The nation’s tech sector is full of rock-star CEOs but in the case of Skip Capital, its co-founder experienced the bright lights of rock stardom.

Scott Farquhar: “With Skip we want to get behind great founders.” Picture: Bloomberg
Scott Farquhar: “With Skip we want to get behind great founders.” Picture: Bloomberg

The nation’s tech sector is full of rock star chief executives but in the case of Skip Capital, the family office of billionaire couple Scott Farquhar and Kim Jackson, its co-founder tasted rock stardom.

A decade before she co-founded Skip, Jackson was the keyboard player for alternative rock band Krill, alongside her four siblings Jan, Roy and twins Lee and Lea.

The “Jackson five” was at one point signed by Sony and in 2004 performed at the Football World Cup in Germany, before touring Australia’s Big Day Out festival in 2006.

Speaking in a wide-ranging interview with The Weekend Australian, Farquhar – who met Jackson through mutual friends – says Skip’s strengths and point of difference lie in the way in which it views technology opportunities, which he says it all comes down to Jackson and her work experience.

Jackson’s family rock band was still touring up and down Australia’s east coast when she took a role as an investment banker at Hastings Funds Management in Sydney, helping pull together multibillion-dollar infrastructure transactions.

It’s that experience in infrastructure deals that Farquhar says has powered Skip’s investments, particularly in green technology.

The investment vehicle funds long-term projects across wind, solar, waste processing and recycling through its dedicated infrastructure fund, as well as taking stakes in more typical software start-ups like Canva and Culture Amp.

“The thing about green technology and our investments there is our heritage and Kim’s background as an infrastructure investor,” Farquhar says on the sidelines of Atlassian’s Team23 summit in Las Vegas.

“And if you look at a lot of green technology, it ends up being infrastructure eventually. I think that means we’re able to understand and price those deals appropriately.

“We have a lot of depth of understanding of infrastructure companies which I think allows us better insights further down the funnel.”

Jackson, who declined a request for interview, was one of the few women in her class when she studied engineering systems at ANU, and has maintained a focus on increasing investments in female-led start-ups. She and Farquhar also last year successfully led a charge to turn elite Sydney boys school Cranbrook co-ed by the end of the decade.

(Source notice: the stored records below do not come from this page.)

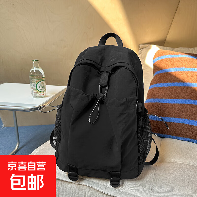 轻便简约女双肩包大容量百搭防水耐磨年轻便携旅行纯色背包减负款 黑色
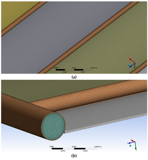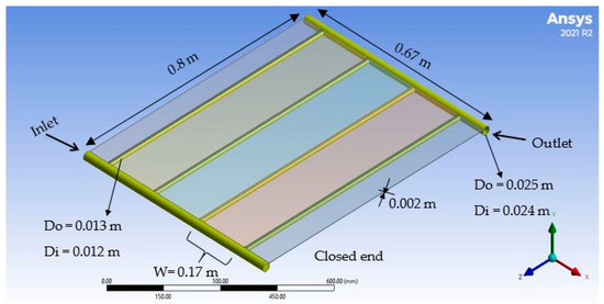 A three-dimensional FPSC has been simulated in this study using the CFD package ANSYS Fluent [41] for analyzing the fluid flow behavior and the temperature distribution across the collector. The geometric details of FPSCs are extracted from the experimental work reported by [13] that the model was validated against. The computational domain of our modeling is shown in Figure 1, which comprised an aluminum absorber plate, two copper headers, and four connector riser tubes of the same material.
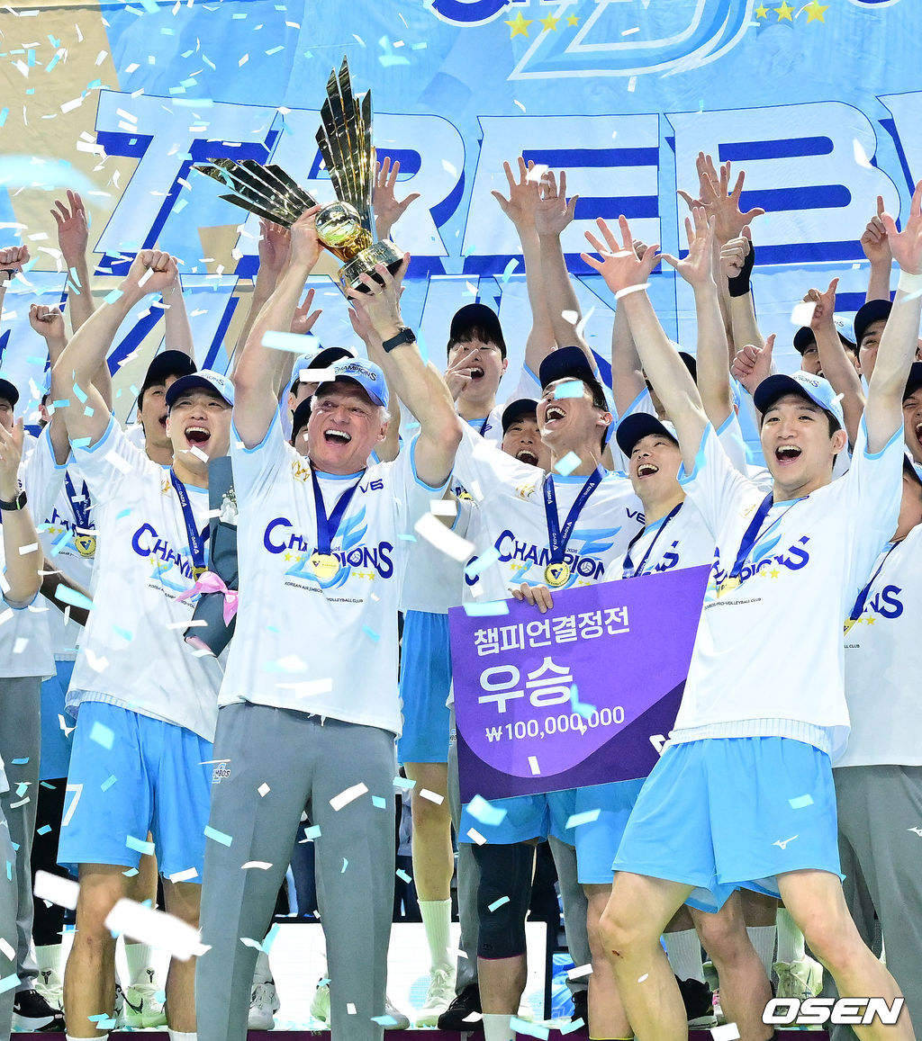 대한항공 헤난 달 조토 감독이 선수들과 트로피를 번쩍 들며 환호하고 있다. 2026.04.10 / dreamer@osen.co.kr

Kim Jackson’s experience has been pivotal in Skip Capital prospering. Picture: Jonathan Ng
Kim Jackson’s experience has been pivotal in Skip Capital prospering. Picture: Jonathan Ng

The downturn tearing through local tech valuations hasn’t affected Skip’s investment plans, Farquhar says, despite a growing number of its portfolio companies, including Milkrun, Brighte, Zoomo and Mr Yum, being forced into lay-offs – or in Milkrun’s case close entirely.

Atlassian itself laid off 500 workers last month but says it is still growing its technical teams.

“I don’t think it meaningfully changes it,” Farquhar says of Skip’s investments amid the ongoing “tech wreck”.

“With Skip we want to get behind great founders, and the great part about being a private family office is that we don’t have a fund size or a mandate, that we can only invest in X, Y and Z. We have always been flexible about what we can invest in.

“If there are a few more small start-ups to invest in that’s great, but we invest in big and small and (the downturn) doesn’t really materially change what we invest in.”

Alongside what they’ve built with Skip and their philanthropic efforts, Farquhar and Jackson have amassed one of Australia’s most significant property portfolios, smashing records in December for their purchase of Point Piper mansion Uig Lodge for $130m, which has arguably the nation’s best views of Sydney Harbour. It was the highest price ever paid for a house in Australia.

Like his Atlassian co-founder, Mike Cannon-Brookes, Farquhar has been regularly outspoken about social issues like marriage equality and environmental causes, as well as what he sees as poorly thought-out technology policies by Australian political leaders. In 2021 he was a fierce critic of the News Media Bargaining Code, which he said was another example of the government introducing measures that punish technology firms.

He says things have dramatically improved since then, in large part due to one significant development.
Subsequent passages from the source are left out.